__WHAT IS NEEDED__: Give again, exactly as written, the lines of the records below from the line with "基于表面標(biāo)記物P" to the line with "Shelf lot of". Both end lines count; pictures do not.

__SOURCE INFORMATION__:
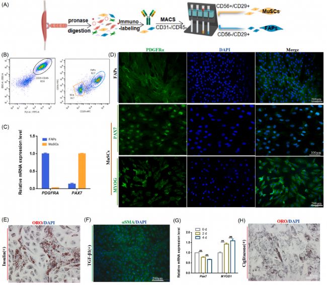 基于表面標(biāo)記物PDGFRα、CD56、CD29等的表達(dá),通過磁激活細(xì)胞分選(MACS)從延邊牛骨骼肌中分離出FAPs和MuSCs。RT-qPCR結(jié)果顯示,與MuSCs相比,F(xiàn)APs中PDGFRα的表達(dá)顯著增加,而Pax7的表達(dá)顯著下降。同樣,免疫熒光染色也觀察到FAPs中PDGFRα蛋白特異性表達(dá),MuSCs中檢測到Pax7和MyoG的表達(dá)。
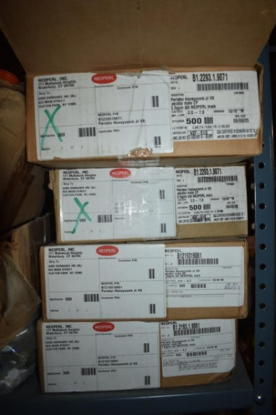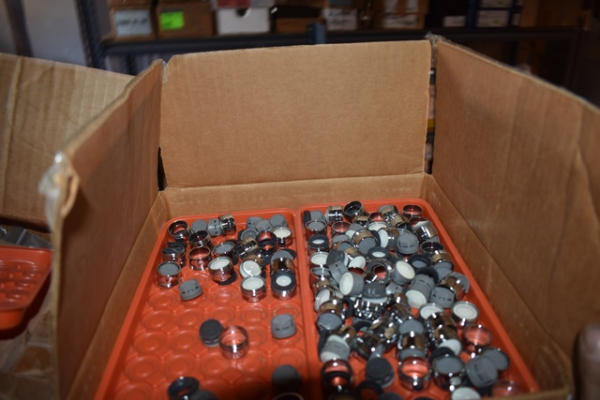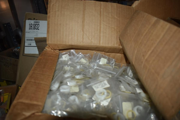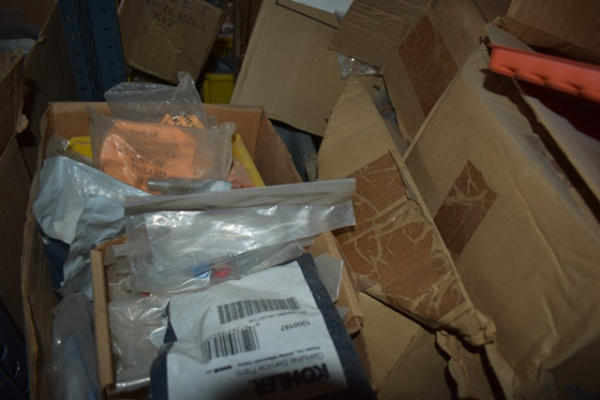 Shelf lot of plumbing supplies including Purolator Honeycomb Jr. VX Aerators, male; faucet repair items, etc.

--

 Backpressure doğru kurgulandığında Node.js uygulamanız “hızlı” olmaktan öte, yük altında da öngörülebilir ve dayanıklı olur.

__ANSWER TO THE PROBLEM__:
 基于表面標(biāo)記物PDGFRα、CD56、CD29等的表達(dá),通過磁激活細(xì)胞分選(MACS)從延邊牛骨骼肌中分離出FAPs和MuSCs。RT-qPCR結(jié)果顯示,與MuSCs相比,F(xiàn)APs中PDGFRα的表達(dá)顯著增加,而Pax7的表達(dá)顯著下降。同樣,免疫熒光染色也觀察到FAPs中PDGFRα蛋白特異性表達(dá),MuSCs中檢測到Pax7和MyoG的表達(dá)。
 Shelf lot of plumbing supplies including Purolator Honeycomb Jr. VX Aerators, male; faucet repair items, etc.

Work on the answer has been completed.